Die Staatsanwaltschaft Augsburg bestätigte am Donnerstag, dass sie in vier Fällen wegen des Verdachts auf Körperverletzung im Amt ermittelt. Die Vorfälle sollen sich bereits vor rund einem halben Jahr ereignet haben – im Rahmen einer großangelegten Drogenrazzia.

Schläge und Würgegriffe – Häftlinge erheben schwere Vorwürfe

Mehrere Insassen berichten übereinstimmend von massiver Gewaltanwendung durch Vollzugsbeamte. So sollen sie während der Durchsuchung ihrer Hafträume gegen Kopf und Oberkörper geschlagen worden sein. In einigen Fällen sei es zu Würgegriffen am Hals gekommen. Die Aussagen mehrerer Betroffener sollen laut BR deckungsgleich sein – auch medizinische Spuren der Übergriffe seien dokumentiert worden.

Die mutmaßlichen Täter sollen Beamte aus der JVA Gablingen gewesen sein, die bei der Aktion zur Unterstützung nach Neuburg-Herrenwörth verlegt worden waren. Die Vorwürfe legen nahe, dass das Problem nicht auf eine einzelne Einrichtung begrenzt ist, sondern strukturelle Fragen im Strafvollzug aufwirft.

Justizministerium unter Druck

Das bayerische Justizministerium hat sich bislang nicht öffentlich zu den neuen Vorwürfen geäußert. Angesichts der sich häufenden Hinweise auf Gewalt durch Bedienstete wird der Ruf nach Aufklärung und politischer Verantwortung jedoch lauter.
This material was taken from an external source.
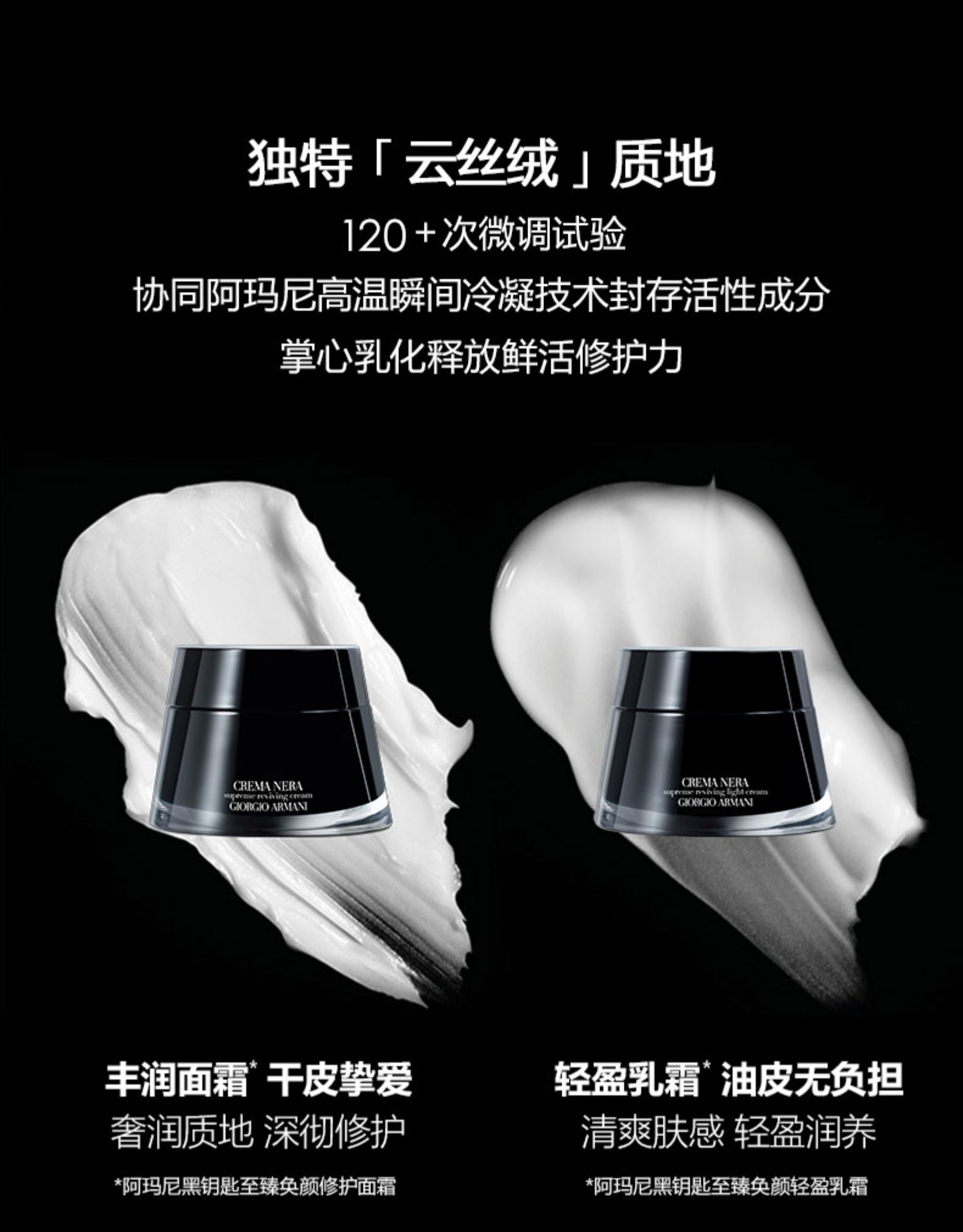 作为阿玛尼最高端的护肤系列,主打修复➕抗老➕持久保湿,

Bereits im Fall Gablingen hatte es massive Kritik gegeben – unter anderem wegen schleppender Aufklärung und unklarer interner Kontrollmechanismen. Die neuen Enthüllungen könnten den Druck auf Ministerin Georg Eisenreich weiter erhöhen.

Aufarbeitung erst am Anfang

Die Ermittlungen stehen noch am Anfang. Laut Staatsanwaltschaft werden derzeit Zeugen vernommen, Bildmaterial ausgewertet und dienstrechtliche Unterlagen geprüft. Auch ein mögliches Fehlverhalten bei der Leitung der Einsätze oder bei der Nachbearbeitung der Vorfälle soll untersucht werden.

Opferschutzorganisationen und Menschenrechtsgruppen fordern nun eine unabhängige Untersuchung und strukturelle Konsequenzen. Die Vorfälle werfen ein beunruhigendes Licht auf die Zustände in bayerischen Justizvollzugsanstalten – und auf den Umgang mit Gefangenen, die dem Staat auf besondere Weise anvertraut sind.